Boundary condition (BC) calibration to assimilate clinical measurements is an essential step in any subject-specific simulation of cardiovascular fluid dynamics. Bayesian calibration approaches have successfully quantified the uncertainties inherent in identified parameters. Yet, routinely estimating the posterior distribution for all BC parameters in 3D simulations has been unattainable due to the infeasible computational demand. We propose an efficient method to identify Windkessel parameter posteriors using results from a single high-fidelity three-dimensional (3D) model evaluation. We only evaluate the 3D model once for an initial choice of BCs and use the result to create a highly accurate zero-dimensional (0D) surrogate. We then perform Sequential Monte Carlo (SMC) using the optimized 0D model to derive the high-dimensional Windkessel BC posterior distribution. We validate this approach in a publicly available dataset of N=72 subject-specific vascular models. We found that optimizing 0D models to match 3D data a priori lowered their median approximation error by nearly one order of magnitude. In a subset of models, we confirm that the optimized 0D models still generalize to a wide range of BCs. Finally, we present the high-dimensional Windkessel parameter posterior for different measured signal-to-noise ratios in a vascular model using SMC. We further validate that the 0D-derived posterior is a good approximation of the 3D posterior. The minimal computational demand of our method using a single 3D simulation, combined with the open-source nature of all software and data used in this work, will increase access and efficiency of Bayesian Windkessel calibration in cardiovascular fluid dynamics simulations.

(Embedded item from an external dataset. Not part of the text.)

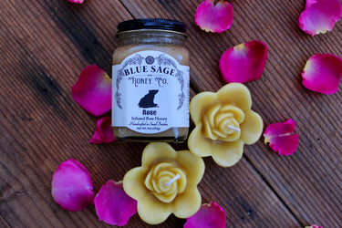 • One 9oz Jar of our Rose Infused Raw Honey made of: Raw Unfiltered Clover Honey, Organic Rose Petals.
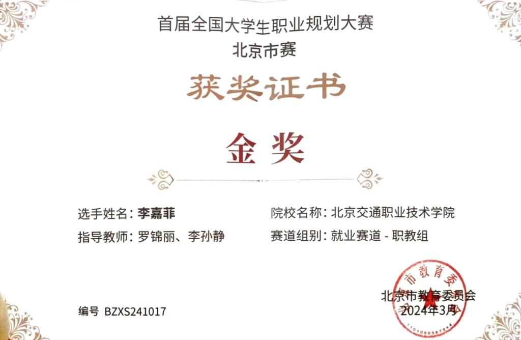 3月9日,首屆全國大學生職業規劃大賽北京市賽總決賽落下帷幕。我院汽車系21級計算機應用技術專業李嘉菲榮獲就業賽道-職教組金獎!

翻译：边界条件（BC）校准以同化临床测量数据，是任何个体化心血管流体动力学模拟中的关键步骤。贝叶斯校准方法已成功量化了识别参数中固有的不确定性。然而，由于不可行的计算需求，在3D模拟中对所有BC参数常规估计后验分布一直难以实现。我们提出了一种高效方法，利用单次高保真三维（3D）模型评估结果识别Windkessel参数后验分布。我们仅对初始BC选择进行一次3D模型评估，并利用其结果创建高精度的零维（0D）代理模型。随后，我们使用优化后的0D模型执行序列蒙特卡洛（SMC）方法，以推导高维Windkessel BC后验分布。我们在包含N=72个体化血管模型的公开数据集中验证了该方法。我们发现，先验地将0D模型优化以匹配3D数据，可将其近似中值误差降低近一个数量级。在模型子集中，我们确认优化后的0D模型仍能泛化至广泛的BC范围。最后，我们利用SMC展示了不同测量信噪比下血管模型中高维Windkessel参数后验分布。我们进一步验证了基于0D模型推导的后验分布能很好地近似3D后验分布。本方法仅需单次3D模拟的最小计算需求，加之本研究所有软件和数据的开源特性，将提升心血管流体动力学模拟中贝叶斯Windkessel校准的可及性与效率。